05/20/02; Vol. 21 No. 11

Senate committee set to act on cybersecurity bills

By William Jackson
Government Computer News

Two bills to strengthen the nation’s (United States of America) cyberdefense will come up this month before the Senate Commerce, Science and Transportation Committee.

Sen. Ron Wyden (D-Ore.), a sponsor of the Science and Technology Emergency Mobilization Act, said his bill would establish volunteer rapid response teams to help restore critical infrastructures in the wake of disasters. The teams, which would be known as the Net Guard, would function like an IT equivalent of the National Guard.

Another bill, the Cyber Security R&D Act that the House passed in February, would make more than $1 billion available over the next five years for security research and education programs. The bill would fund $743 million through the National Science Foundation and $302 million through the National Institute of Standards and Technology.

The administration has not taken a position on the R&D bill, said George Strawn, NSF’s acting assistant director for computer and information science and engineering.

Research money is badly needed to bolster security of the nation’s information infrastructure, Strawn said at a hearing last month before the Senate Commerce, Science and Transportation Subcommittee on Science, Technology and Space.

NSF now spends about $20 million a year on such research and has requested an additional $19 million for fiscal 2003. It allocated $5 million to its Trusted Computing Program announced in September and by December had received 120 research proposals requesting more than $80 million. Nearly half were worthy of funding, Strawn said, and 10 percent were highly competitive.

A major problem is that the number of faculty members doing cybersecurity research has been quite small, he said.

Lance J. Hoffman, professor of computer science at George Washington University in Washington, told the subcommittee that information security research has been a poor stepchild. It cannot compete with established disciplines because students and faculty have been driven by available funding to work on problems that are better known, he said.

An R&D act could help, he said, but he warned that what Congress encourages with one hand it is restricting with the other.

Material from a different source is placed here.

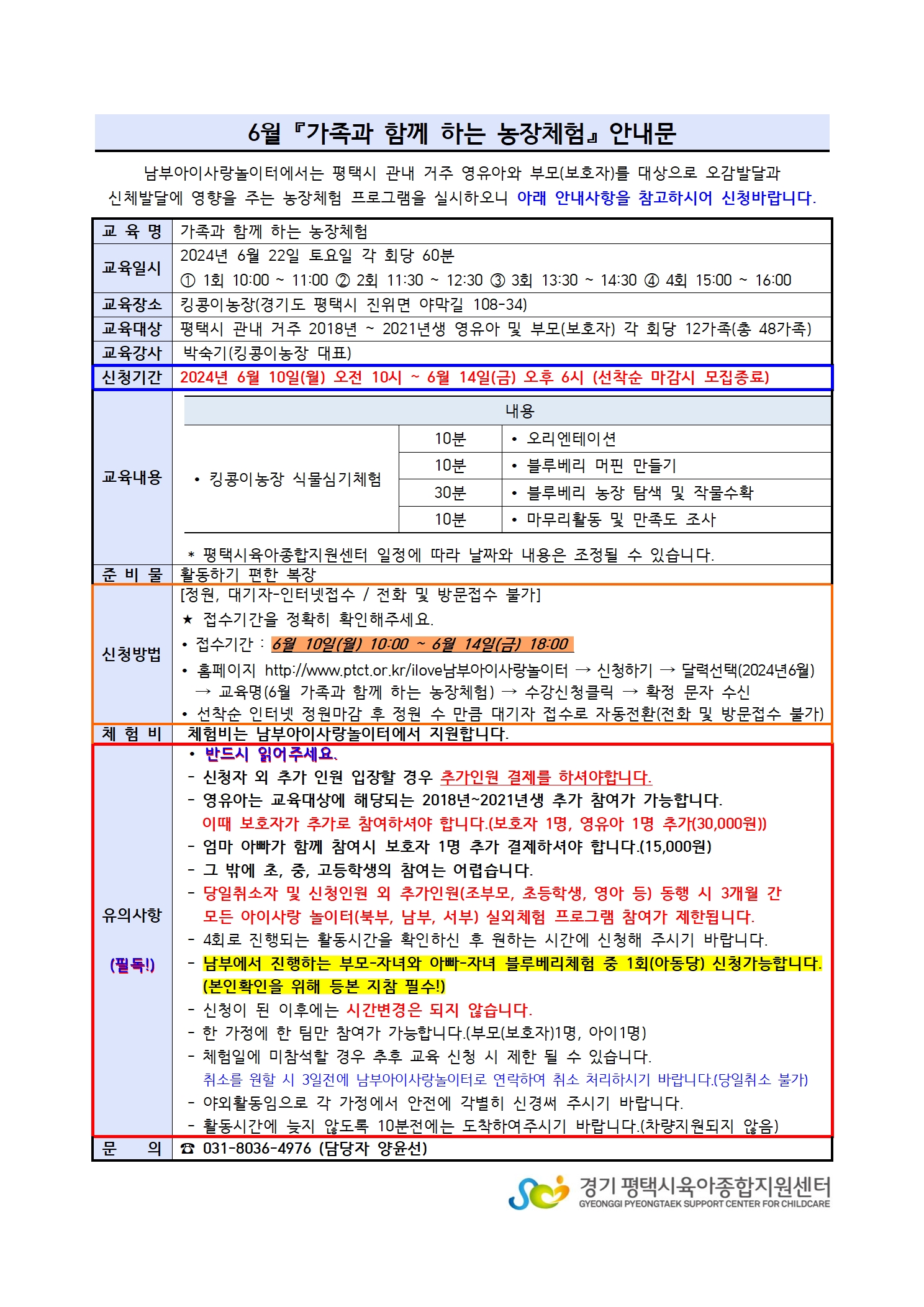 ※ 아래 내용을 꼭 읽어주세요 ! - 4회로 진행되는 활동시간을 확인하신 후 원하는 시간에 신청해 주시기 바랍니다. - 회차별 같은 프로그램으로 중복 신청은 불가 합니다. - 아빠-자녀 블루베리체험 6. 15.(토) 같은 프로그램으로 중복 신청은 불가 합니다. - 신청이 된 이후에는 시간변경은 되지 않습니다. - 한 가정에 한 팀만 참여가 가능합니다(부모(보호자)1명, 아이 1명) 추가인원 결제 - 체험일에 미참석할 경우 추후 교육 신청 시 제한 될 수 있습니다. - 야외활동임으로 각 가정에서 안전에 각별히 신경써 주시기 바랍니다. - 활동시간에 늦지 않도록 10분전에는 도착하여주시기 바랍니다.(차량지원되지 않음.)

Laws like the Digital Millennium Copyright Act inhibit individuals’ ability to engage in critical research in computer security and related fields, he said.

Research restrictions

Opponents of the R&D act have said it places such stringent restrictions on study, reverse engineering and discussion of copyrighted software that legitimate researchers could face legal liability. Research is limited to narrow areas, and permission from copyright holders is required in many cases. That means vendors could effectively shut off searches for security flaws, Hoffman said.

You can’t measure what doesn’t happen, he said. But from talking to my peers, the standards laid out in the [copyright] act are so hard to meet that there really is a chill. This has more severe implications now that it has been recognized as a national security issue.

Wyden said it is unlikely the current legislation would take up copyright restrictions.

Hoffman also said that background checks should be required for Net Guard volunteers under the Science and Technology Emergency Mobilization Act. The national Net Guard database would need to be adequately secured to ensure privacy and restrict improper access, he said.

The national guard envisioned by the act might be too ambitious, he added, whereas local and regional programs would be more workable.